* Work instruction: Every entry must be repeated exactly. Exclude all pictures.

[Stored items]
----
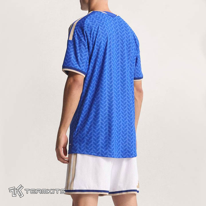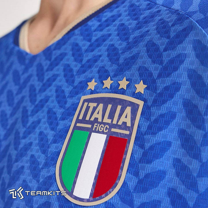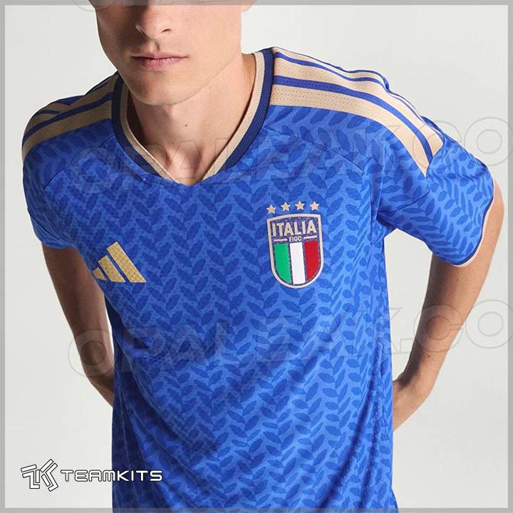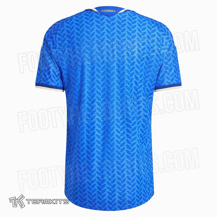 جزئیات سفید لوگوی تیم ملی ایتالیا به طلایی روشن تغییر رنگ داده و عبارت “AZZURRA” نیز در پشت یقه نوشته شده است. شورت سفید و جوراب آبی ترکیب لباس اول ایتالیا در سال ۲۰۲۶ و ۲۰۲۷ و احتمالا جام جهانی ۲۰۲۶ را کامل می کند.
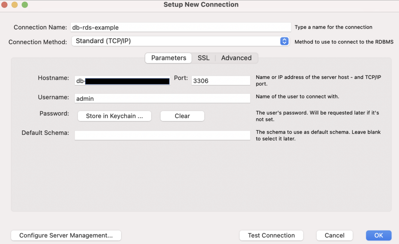 - Connection Name : RDS 생성 시 정의한 데이터베이스 이름 (필자는 db-rds-example로 정의했다.)
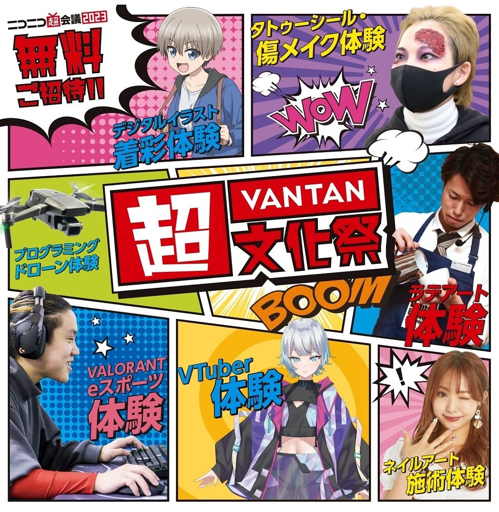 株式会社ドワンゴが主催する「ニコニコ超会議」は、「ニコニコのすべて(だいたい)を地上に再現する」をコンセプトに、動画サービス「ニコニコ」のユーザーが主体となりネットとリアルで開催するニコニコ最大のイベントで、3年ぶりのリアル開催となった2022年はリアル会場の来場者数は9万6,160人、ネット会場は総勢1,389万1,680人が来場しました。バンタンは、専門スキルを学ぶメンバーにより多くの実践経験の場を提供すべく、「バンタン超文化祭」として今年初出展。バンタンが運営する8スクールのメンバーが、人気アニメ「宇崎ちゃんは遊びたい!ω」とのコラボカフェやアニメキャラクターのデジタル着彩体験、VTuberなりきり体験やeスポーツのプロチームFAV gamingとのeスポーツ体験など、7つの体験の場を提供します。
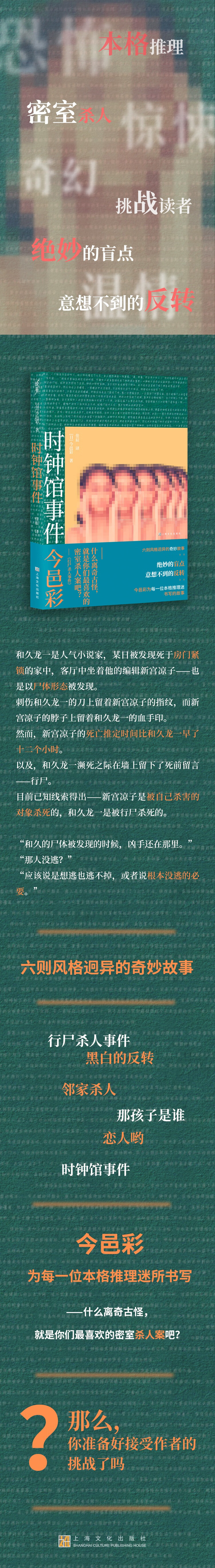 时钟馆事件(恐怖、惊悚、奇幻、温情今邑彩为本格推理迷书写的六则风格迥异的奇妙故事。)(日)今邑彩 著
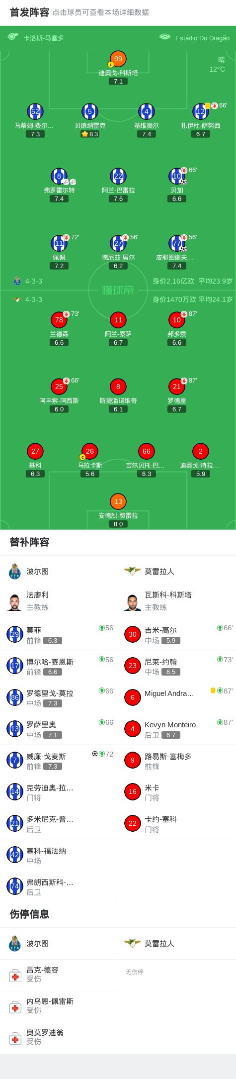 北京时间3月16日葡萄牙足球超级联赛 联赛 第26轮,波尔图主场对阵莫雷拉人。波尔图贝加破门,皮耶图谢夫斯基破门,威廉-戈麦斯破门。最终比分波尔图 3-0 莫雷拉人。
----
* Answer:
 جزئیات سفید لوگوی تیم ملی ایتالیا به طلایی روشن تغییر رنگ داده و عبارت “AZZURRA” نیز در پشت یقه نوشته شده است. شورت سفید و جوراب آبی ترکیب لباس اول ایتالیا در سال ۲۰۲۶ و ۲۰۲۷ و احتمالا جام جهانی ۲۰۲۶ را کامل می کند.
 - Connection Name : RDS 생성 시 정의한 데이터베이스 이름 (필자는 db-rds-example로 정의했다.)
 株式会社ドワンゴが主催する「ニコニコ超会議」は、「ニコニコのすべて(だいたい)を地上に再現する」をコンセプトに、動画サービス「ニコニコ」のユーザーが主体となりネットとリアルで開催するニコニコ最大のイベントで、3年ぶりのリアル開催となった2022年はリアル会場の来場者数は9万6,160人、ネット会場は総勢1,389万1,680人が来場しました。バンタンは、専門スキルを学ぶメンバーにより多くの実践経験の場を提供すべく、「バンタン超文化祭」として今年初出展。バンタンが運営する8スクールのメンバーが、人気アニメ「宇崎ちゃんは遊びたい!ω」とのコラボカフェやアニメキャラクターのデジタル着彩体験、VTuberなりきり体験やeスポーツのプロチームFAV gamingとのeスポーツ体験など、7つの体験の場を提供します。
 时钟馆事件(恐怖、惊悚、奇幻、温情今邑彩为本格推理迷书写的六则风格迥异的奇妙故事。)(日)今邑彩 著
 北京时间3月16日葡萄牙足球超级联赛 联赛 第26轮,波尔图主场对阵莫雷拉人。波尔图贝加破门,皮耶图谢夫斯基破门,威廉-戈麦斯破门。最终比分波尔图 3-0 莫雷拉人。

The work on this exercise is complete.